The high degree of total genotype sharing between NM1597 from Kvikkjokk and several accessions in the Torne valley, almost 300 km apart, is puzzling, but has a possible historical explanation. The seeds from Kvikkjokk (NM1597), characterized by a high presence of Genotype 1 (six out of 17 genotyped individuals), were donated by Johan Laestadius, vicar of Kvikkjokk 1860–1870. Johan’s uncle Lars-Levi Laestadius provides a historical link between most sites with Genotype 1. L.L. Laestadius was an early 19th century vicar and botanist from Kvikkjokk with a considerable interest in agronomy. In 1826 L.L. Laestadius took up a position as vicar in Karesuando and in 1849 in Pajala. These two localities are the origins of the two accessions NM798 and NM633, respectively, which contain the largest proportion of Genotype 1 outside of NM1597. Whether the botanist and vicar or his family, upon moving, brought seeds with them and thereby influenced the genetic composition of barley in the Torne region, can probably never be established beyond speculation. Nevertheless, the possible effect of influential individuals on the distribution of genetic diversity of cultivated crops cannot be disregarded and remains a tantalizing thought.

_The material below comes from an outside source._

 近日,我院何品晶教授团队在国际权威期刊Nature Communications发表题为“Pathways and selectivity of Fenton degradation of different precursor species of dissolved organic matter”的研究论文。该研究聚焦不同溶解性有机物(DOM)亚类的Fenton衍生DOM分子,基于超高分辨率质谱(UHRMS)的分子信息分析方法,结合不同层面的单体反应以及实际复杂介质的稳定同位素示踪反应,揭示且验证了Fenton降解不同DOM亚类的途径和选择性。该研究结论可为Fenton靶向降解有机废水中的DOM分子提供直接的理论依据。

By genetic analysis of a large number of samples per accession we have shown how the genetic composition of landrace barley in northern Fennoscandia changed during the latter part of the 19th century. This change occurred during a period characterized by repeated crop failures in the area, and the need for replacement seed after severe crop failure is most likely the cause of the observed genetic change. This adds to the results of studies of more recent crop failures suggesting that genetic composition, but not genetic diversity, is primarily affected by severe crop failure.